EXERCISE DETAILS:
Please transcribe the data that follows without the pictures, keeping every word the same.

DATASET CONTENT:
Content starts
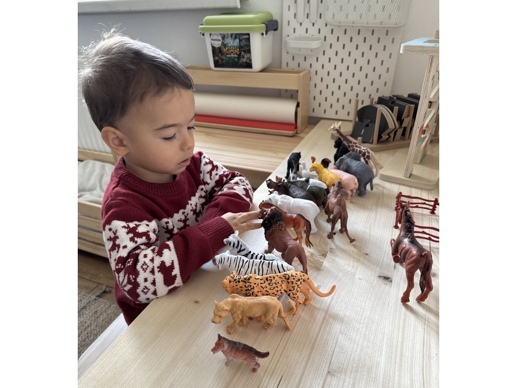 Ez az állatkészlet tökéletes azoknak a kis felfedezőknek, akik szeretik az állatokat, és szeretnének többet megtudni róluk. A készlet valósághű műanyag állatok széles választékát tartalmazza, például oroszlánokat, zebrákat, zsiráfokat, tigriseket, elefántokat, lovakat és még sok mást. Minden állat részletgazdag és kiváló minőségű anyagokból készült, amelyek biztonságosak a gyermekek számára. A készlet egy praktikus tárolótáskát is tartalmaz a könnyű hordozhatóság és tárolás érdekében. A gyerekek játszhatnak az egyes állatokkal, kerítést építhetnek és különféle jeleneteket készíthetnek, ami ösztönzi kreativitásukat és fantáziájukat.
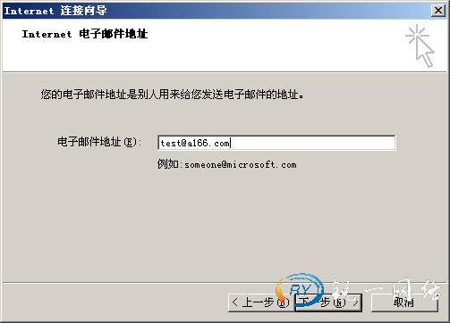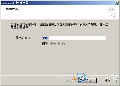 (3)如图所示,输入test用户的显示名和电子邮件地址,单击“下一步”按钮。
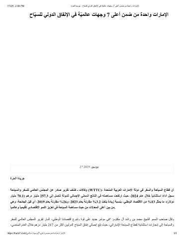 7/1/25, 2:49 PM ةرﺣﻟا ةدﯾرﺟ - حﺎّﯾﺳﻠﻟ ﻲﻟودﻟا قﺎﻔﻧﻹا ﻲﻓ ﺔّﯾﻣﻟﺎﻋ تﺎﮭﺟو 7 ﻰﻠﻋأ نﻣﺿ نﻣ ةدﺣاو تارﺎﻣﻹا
Content ends
SOLUTION:
 Ez az állatkészlet tökéletes azoknak a kis felfedezőknek, akik szeretik az állatokat, és szeretnének többet megtudni róluk. A készlet valósághű műanyag állatok széles választékát tartalmazza, például oroszlánokat, zebrákat, zsiráfokat, tigriseket, elefántokat, lovakat és még sok mást. Minden állat részletgazdag és kiváló minőségű anyagokból készült, amelyek biztonságosak a gyermekek számára. A készlet egy praktikus tárolótáskát is tartalmaz a könnyű hordozhatóság és tárolás érdekében. A gyerekek játszhatnak az egyes állatokkal, kerítést építhetnek és különféle jeleneteket készíthetnek, ami ösztönzi kreativitásukat és fantáziájukat.
 (3)如图所示,输入test用户的显示名和电子邮件地址,单击“下一步”按钮。
 7/1/25, 2:49 PM ةرﺣﻟا ةدﯾرﺟ - حﺎّﯾﺳﻠﻟ ﻲﻟودﻟا قﺎﻔﻧﻹا ﻲﻓ ﺔّﯾﻣﻟﺎﻋ تﺎﮭﺟو 7 ﻰﻠﻋأ نﻣﺿ نﻣ ةدﺣاو تارﺎﻣﻹا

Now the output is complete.